AIME Problem 8

Let's divide the board up into 13 disjoint regions: the central square, and 12 buckets , where each bucket is a region of 4 squares that is invariant on rotation. For example, the four corners of the board are one bucket.

Then we can separate the possible locations of yellow squares into three cases:

• Case 1: One square in each of two distinct buckets
• Case 2: Both squares in one bucket
• Case 3: The central square, and one bucket.
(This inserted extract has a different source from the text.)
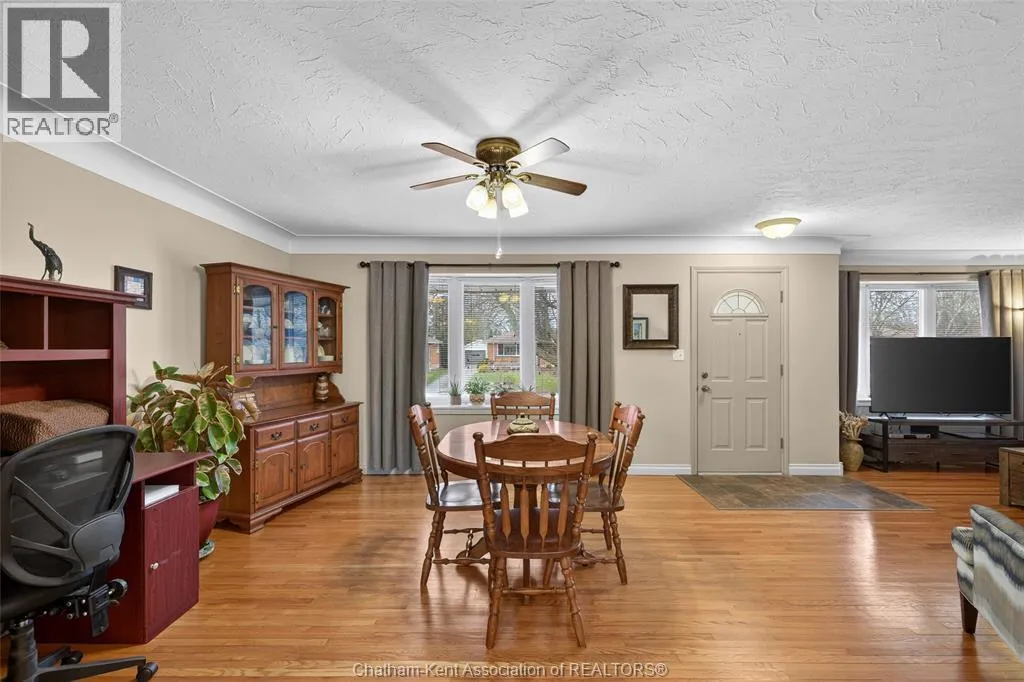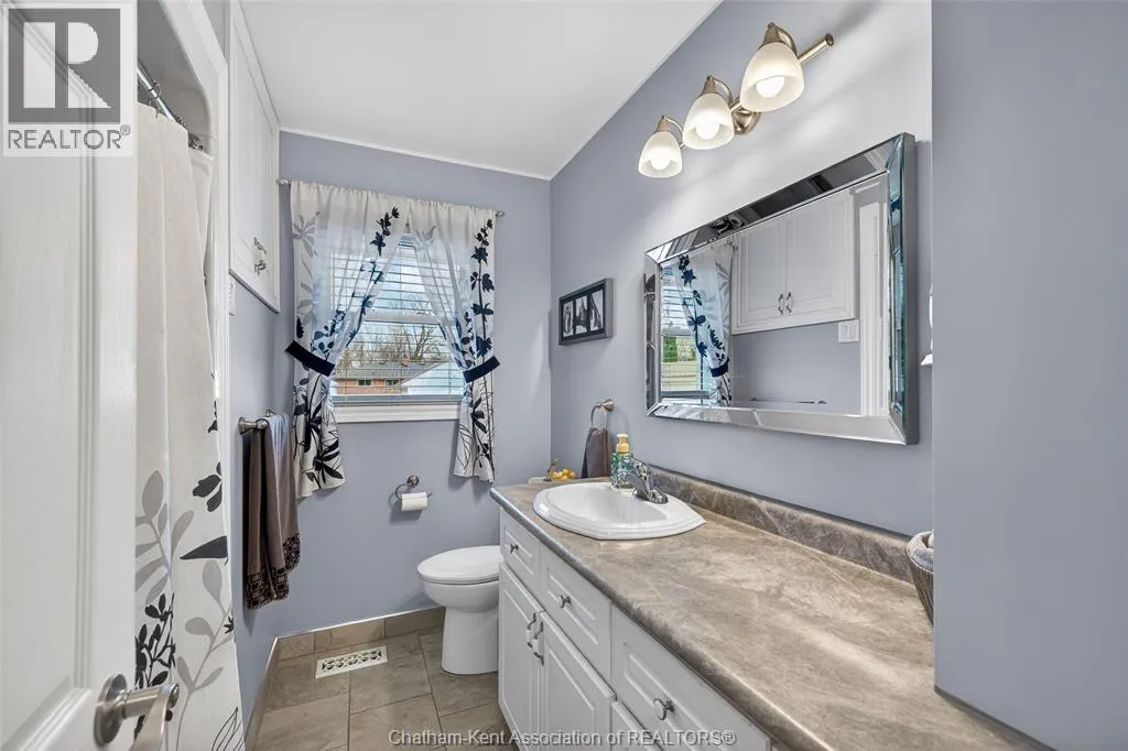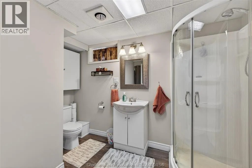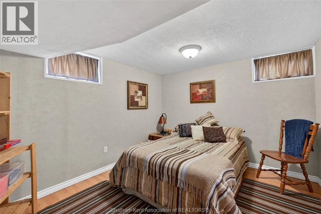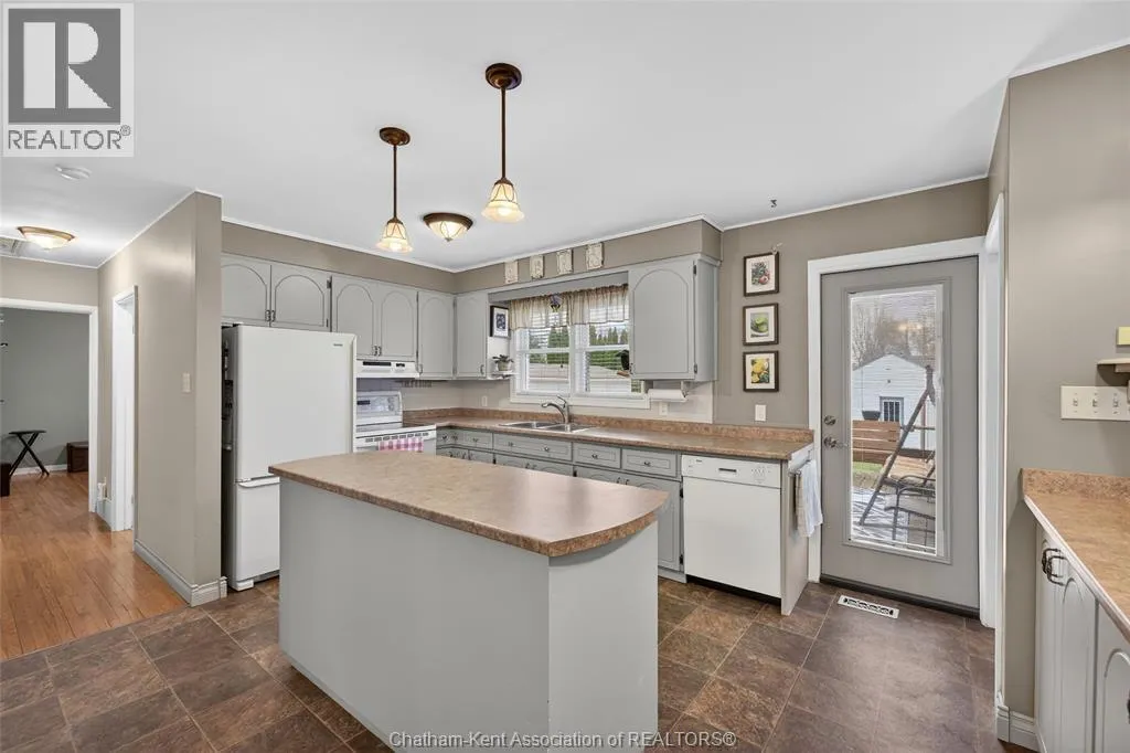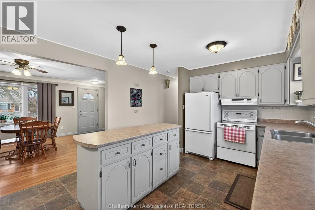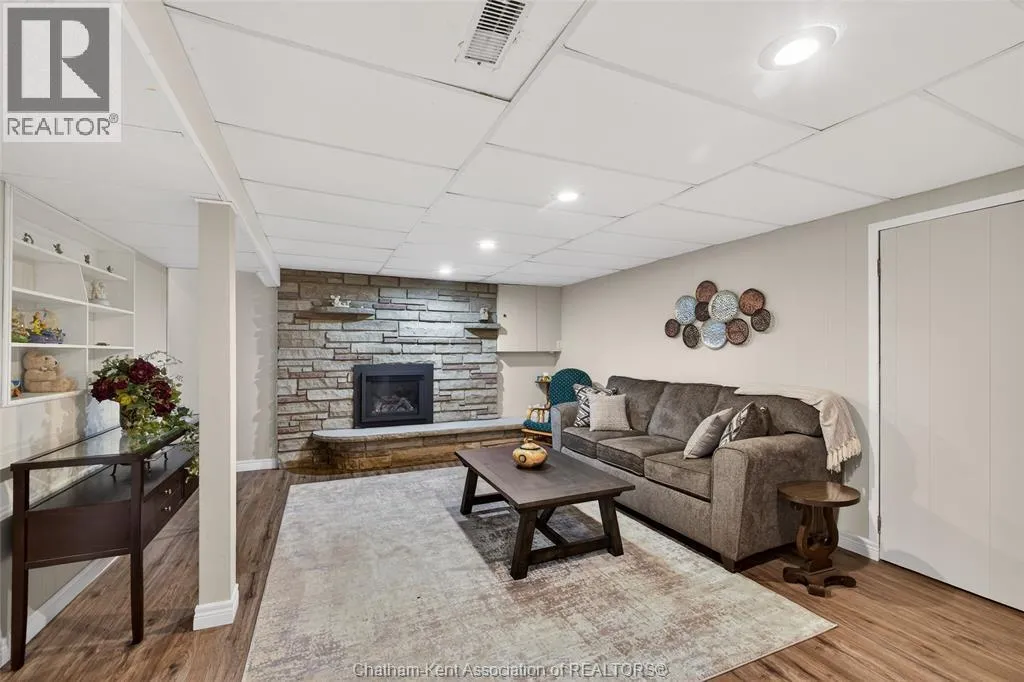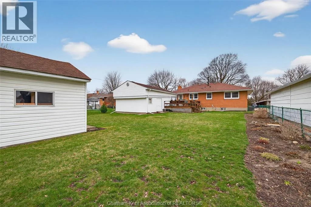 John St to 12 Jupiter Ave Pride of ownership shows throughout this solid brick bungalow in one of Chatham's most established neighbourhoods â 2 main floor bedrooms, hardwood floors, bright living and dining area, and an updated kitchen with painted cabinetry, centre island, pendant lighting, and mudroom entry with patio doors leading to a rear deck overlooking a beautifully maintained backyard. The main floor 4-piece bath is complemented by a fully finished lower level that genuinely impresses â large rec room with stacked-stone gas fireplace, second living area, 2 additional bedrooms, and a 3-piece bath with glass shower. Four bedrooms total with a layout that suits growing families, multi-generational living, or anyone needing extra space. The oversized attached garage offers serious storage and workspace potential, a separate storage shed adds even more utility, and the wide concrete driveway ties together an outdoor package that's as functional as it is attractive. (id:27476)

Solving each of these cases separately:

Case 1. There are $12 \choose 2$ ways of choosing the two buckets. If we fix the location of one yellow square in one bucket then we see that there are $4$ ways of placing the other yellow square.

Case 2. There are $12$ ways of choosing the bucket; and then $2$ ways of placing the yellow squares within that bucket (either adjacent or opposite).

Case 3. After placing the central square, there are $12$ buckets in which the other yellow square could be placed.

Summing the three cases gives $4 \times {12 \choose 2} + 12 \times 2 + 12 = \boxed{300}$

Every pattern repeats either 4 times or 2 times,

Let the number of patterns repeating 4 times be $x$

and the numbers of pattern repeating 2 times be $y$

Then, $4x+2y=$ $\left( \begin{matrix} 49 \\ 2 \end{matrix} \right)$ ,

And $(x+y)$ will be the wanted result.

All the patterns in $y$ must be such that when rotated twice it regains it original position,

So if one color was at $(a,b)$ and the other one must be $(8-a,8-b)$ .

$a$ can be $1,2,3,4,5,6,7$ and so can $b$

So there are $7*7=49$ pairs for $y$ but the block $(4,4)$ won't be valid since the other block will be $(4,4)$ and will coincide

There $(4,4)$ won't be considered for $y$ So there are $48$ ways of $(a,b)$ existing.

But the 2 blocks are identical so $y$ is $48/(2*2)$ for $2$ ways of selecting $a$ and $2$ ways of selecting $b$ .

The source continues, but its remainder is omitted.